Action item -
Your answer should repeat the entries in full, exactly as given, with no pictures.

(Collected data)
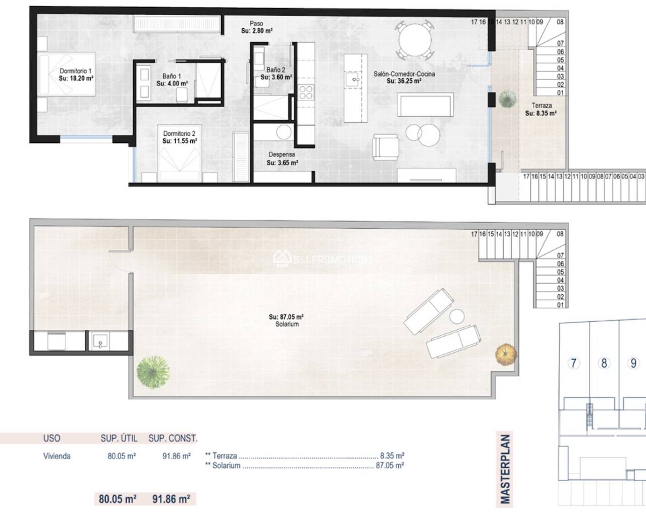 Les appartements sont très spacieux et pratiquement meublés. De belles terrasses, un beau jardin commun et une piscine avec zone de relaxation.
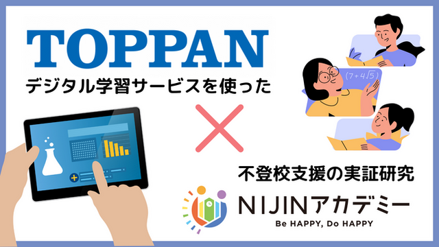 株式会社NIJIN(本社:東京都江東区、代表取締役:星野達郎、以下NIJINアカデミー)とTOPPANホールディングス株式会社(本社:東京都文京区、代表取締役社長 CEO:麿 秀晴、以下 TOPPANホールディングス)は、不登校支援におけるデジタルドリルの活用を目的とした実証研究を2024年9月27日(水)から2025年9月末までの約1年間、共同で実施することをお知らせいたします。
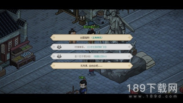 而游戏并没有太刻意“复古”大概也是不错的一点,比如支持随时随地的存档——大约是半年前吧,同样是一个曾备受我期待的国产沙盒像素武侠游戏《带江湖》,就是把老游戏的各种糟心设定原汁原味的继承,让人非常头秃,比如因为存档点的问题是有可能直接造成死档的(杭州下水道进得去出不来)。
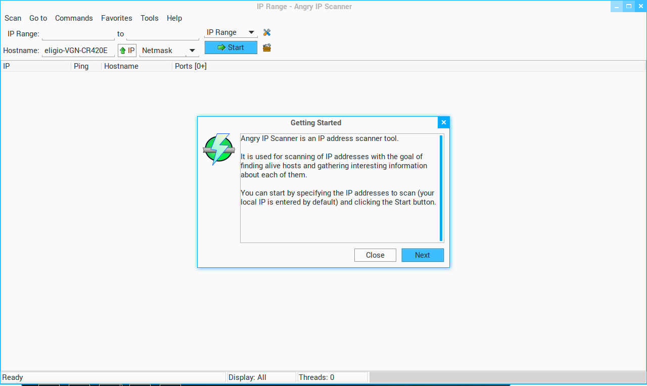 Janela “Getting Started” fornese informasaun konaba Angry IP Scanner, karik hakarak hatene liutan konaba aplikasaun refere bele klik deit ba butaun Next. Maibe karik atu sai no kontinua ba janela prinsipal Angry IP Scanner bele klik deit ba butaun Close.
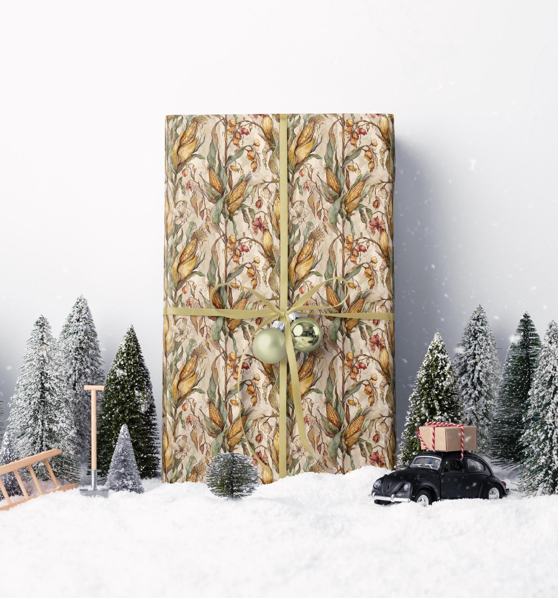 Farmers Market Wrapping Paper Roll Eco Rustic Corn Design Farm Fresh Vegetable Farmhouse Country Kitchen Gift Wrap #71

Task output -
 Les appartements sont très spacieux et pratiquement meublés. De belles terrasses, un beau jardin commun et une piscine avec zone de relaxation.
 株式会社NIJIN(本社:東京都江東区、代表取締役:星野達郎、以下NIJINアカデミー)とTOPPANホールディングス株式会社(本社:東京都文京区、代表取締役社長 CEO:麿 秀晴、以下 TOPPANホールディングス)は、不登校支援におけるデジタルドリルの活用を目的とした実証研究を2024年9月27日(水)から2025年9月末までの約1年間、共同で実施することをお知らせいたします。
 而游戏并没有太刻意“复古”大概也是不错的一点,比如支持随时随地的存档——大约是半年前吧,同样是一个曾备受我期待的国产沙盒像素武侠游戏《带江湖》,就是把老游戏的各种糟心设定原汁原味的继承,让人非常头秃,比如因为存档点的问题是有可能直接造成死档的(杭州下水道进得去出不来)。
 Janela “Getting Started” fornese informasaun konaba Angry IP Scanner, karik hakarak hatene liutan konaba aplikasaun refere bele klik deit ba butaun Next. Maibe karik atu sai no kontinua ba janela prinsipal Angry IP Scanner bele klik deit ba butaun Close.
 Farmers Market Wrapping Paper Roll Eco Rustic Corn Design Farm Fresh Vegetable Farmhouse Country Kitchen Gift Wrap #71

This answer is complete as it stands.